In wezen laten de wolken in laag 2 de gebieden van laag 1 zien, die transparant zijn geworden als gevolg van het gradiëntlaagmasker.
Laagmasker gevuld met fotografische inhoud
Laten we het daar niet bij laten! Als laagmaskers informatie in grijstinten kunnen bevatten, waarom zouden we dan niet proberen een laag te maskeren met iets fotografisch? In dit voorbeeld gebruiken we een afbeelding van gips om het woord “Fade” te maskeren, dat we in een oud cursief lettertype hebben gezet.
Om te beginnen maken we een laagmasker op de “Fade”-laag. Kopieer vervolgens de inhoud van de gipslaag door op de miniatuur ervan te klikken, vervolgens op Ctrl/Commando + A te drukken om alles te selecteren en vervolgens op Ctrl/Commando + C om te kopiëren.
Om deze afbeelding in het laagmasker op de gipslaag te plakken, moeten we het “parallelle universum” van het laagmasker binnengaan en dat doen we door alt/option ingedrukt te houden en vervolgens op de miniatuur van het laagmasker te klikken.
Nu toont het canvas de inhoud van het laagmasker. Cool, hè?
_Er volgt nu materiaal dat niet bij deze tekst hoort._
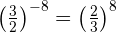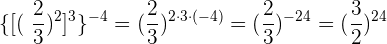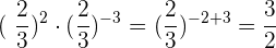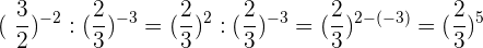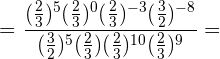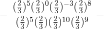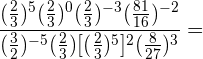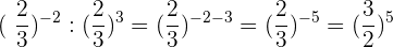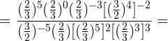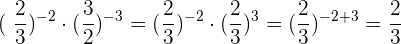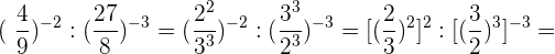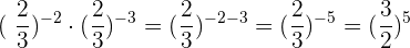 Wir berechnen die Potenzen und bedenken, dass wir bei einem Bruch, der auf eine negative Zahl erhöht wird, den Zähler in den Nenner umwandeln und dann auf den Exponenten erhöhen müssen:

Plak de gipsafbeelding erin door op Ctrl/Command + V te drukken.
Om uit dit “parallelle universum” te ontsnappen (is dit niet leuk?), klikt u gewoon op de laagminiatuur (het hoofdletter “T”-symbool). Geweldig! Nu heeft “Fade” een gipsen textuur die een deel van de gekleurde achtergrond laat doorschijnen.
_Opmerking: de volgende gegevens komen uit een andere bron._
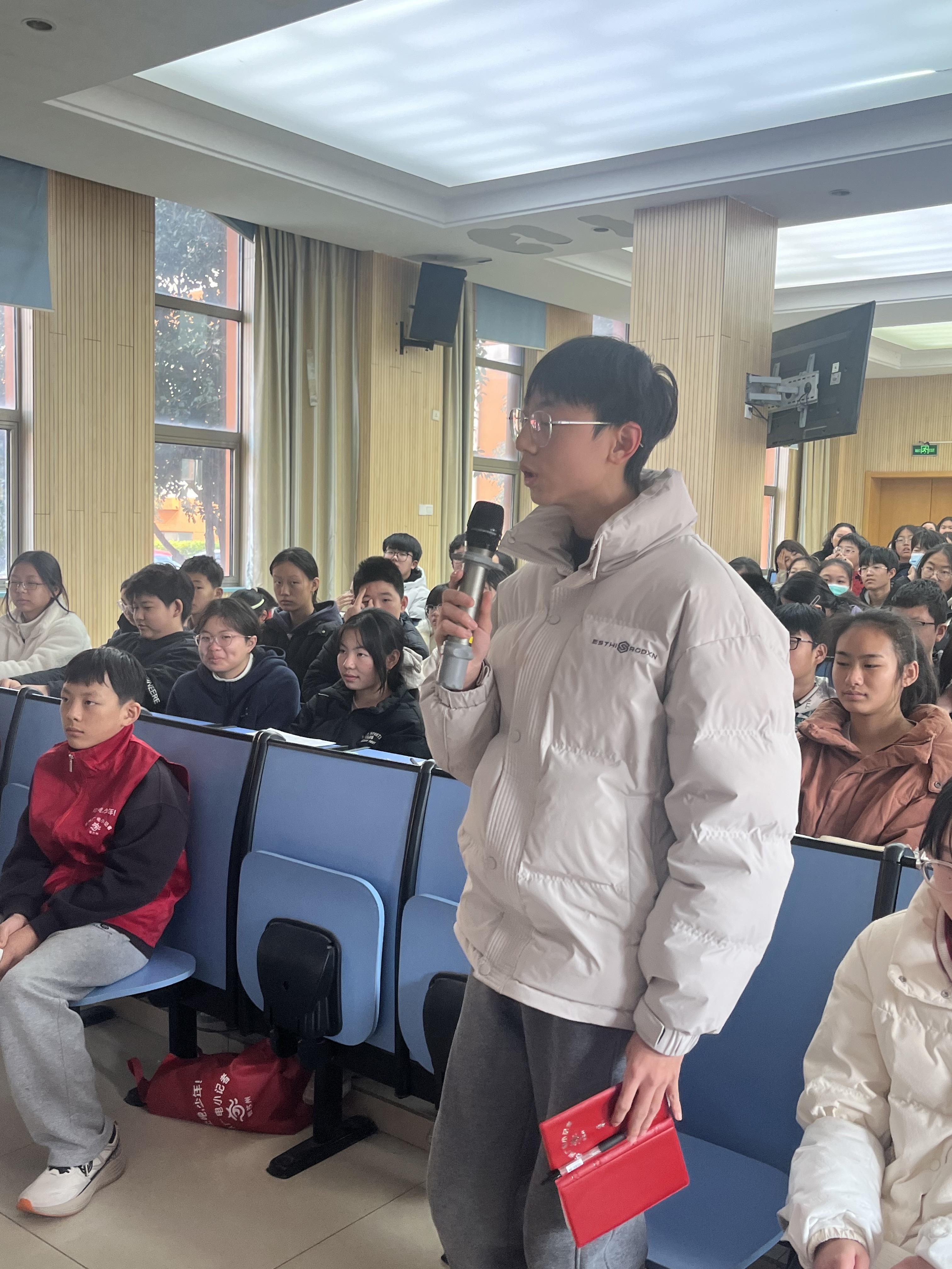 活动落幕,诗意与力量却在校园里久久回荡。同学们纷纷表示,这场演讲让他们深受鼓舞,不仅感受到了文字的魅力,更懂得了成长的意义。有同学在笔记本上写下:“原来平凡的人生也可以闪闪发光,我也要做一个心怀热爱、脚踏实地的追光者。”

Je kunt het laagmasker fijner afstellen door nogmaals op de miniatuur van het laagmasker te klikken en Afbeelding > Aanpassingen > Helderheid & Contrast te selecteren. Perfect! Wat we zo leuk vinden aan deze techniek is dat de laag eronder, in dit geval een warme oranje kleurvulling, door de textuurvariatie heen te zien is.
De kettingverbinding
U vraagt zich misschien ook af wat die kettingverbinding tussen de laagminiatuur en de laagmasker-thumbnail doet? Heel eenvoudig betekent deze kettingverbinding dat als u de laagafbeelding op het canvas verplaatst, het laagmasker meebeweegt.
Dit kan ongelooflijk nuttig zijn. Bijvoorbeeld als je de achtergrond van een afbeelding zorgvuldig hebt uitgesneden en deze op een andere plaats op het canvas wilt zetten. Of als je aan het experimenteren bent om het perfecte deel van een patroon te vinden om door een laagmasker heen te laten lopen. In dat geval zou je de kettinglus willen uitschakelen. Dat is heel eenvoudig! Klik er gewoon op.